Cellular immediate-early gene expression occurs kinetically upstream of Epstein-Barr virus bzlf1 and brlf1 following cross-linking of the B cell antigen receptor in the Akata Burkitt lymphoma cell line

Abstract

The Epstein-Barr virus (EBV) lytic activator genes bzlf1 and brlf1 are conventionally referred to as immediate-early (IE) genes. However, previous studies showed that the earliest expression of these genes was blocked by cycloheximide when the EBV lytic cycle was induced by histone deacetylase (HDAC) inhibitors and protein kinase C agonists.

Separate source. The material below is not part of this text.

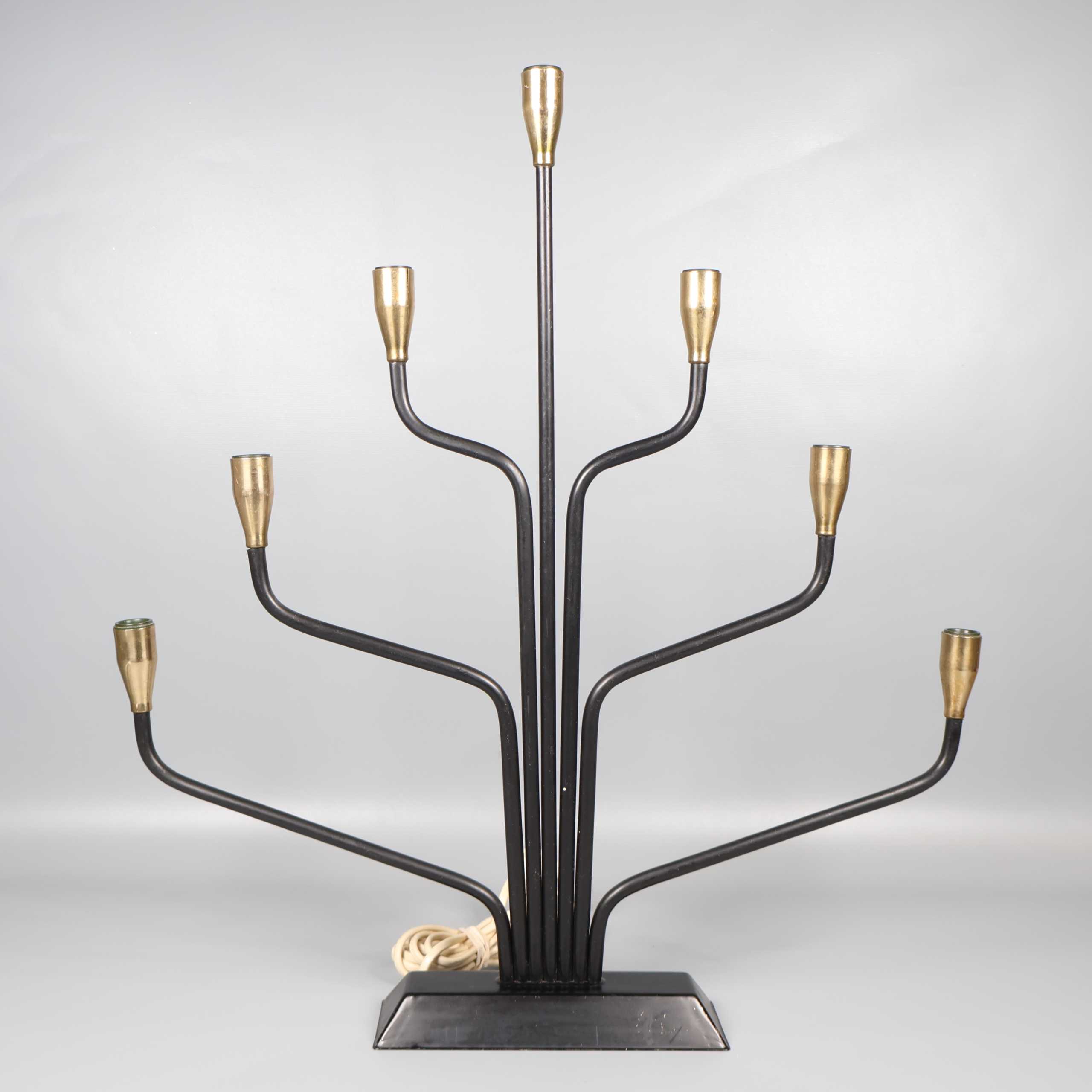 Osram Osram Svart ljusstake med sju armar 299 kr Product variation Antal st Beskrivning Stilren elektrisk ljusstake med sju armar och ljushållare i mässing. Det finns sprickor i fem ljushållare. Ljusstaken har en gammal kontakt. Visa all beskrivning Skick Gott skick Produkten har använts men är av fin kvalitet och ska inte ha några skador eller förslitningar. Läs mer om hur vi bedömer Dimensions Höjd: 53 cm Bredd: 7 cm Längd: 49 cm Färg Svart Varumärke Osram Produkten är unik och finns enbart som 1 st i lager. Fri frakt på alla köp över 990 kr. 14 dagars ångerrät.

Anti-IgG activates a complex signal transduction pathway that leads to EBV lytic activation in the Akata cell line. Here we demonstrate that in Akata cells, where lytic cycle activation occurs very rapidly after anti-IgG treatment, de novo protein synthesis is also required for induction of bzlf1 and brlf1 expression. New protein synthesis is required up to 1.25 h after application of anti-IgG; bzlf1 and brlf1 mRNAs can be detected 1.5 h after anti-IgG. Five cellular IE genes were shown to be expressed by 1 h after addition of anti-IgG, and their expression preceded that of bzlf1 and brlf1. These include early growth response genes (egr1, egr2, and egr3) and nuclear orphan receptors (nr4a1 and nr4a3). These genes were activated by anti-IgG treatment of Akata cells with and without the EBV genome; therefore, their expression was not dependent on expression of any EBV gene product. EGR1, EGR2, and EGR3 proteins were kinetically upstream of ZEBRA and Rta proteins. Expression of EGR1, ZEBRA, and Rta proteins were inhibited by bisindolylmaleimide X, a selective inhibitor of PKC. The findings suggest a revised model in which the signal transduction cascade activated by cross-linking of the B cell receptor induces expression of cellular IE genes, such as early growth response and nuclear orphan receptor genes, whose products, in turn, regulate bzlf1 and brlf1 expression.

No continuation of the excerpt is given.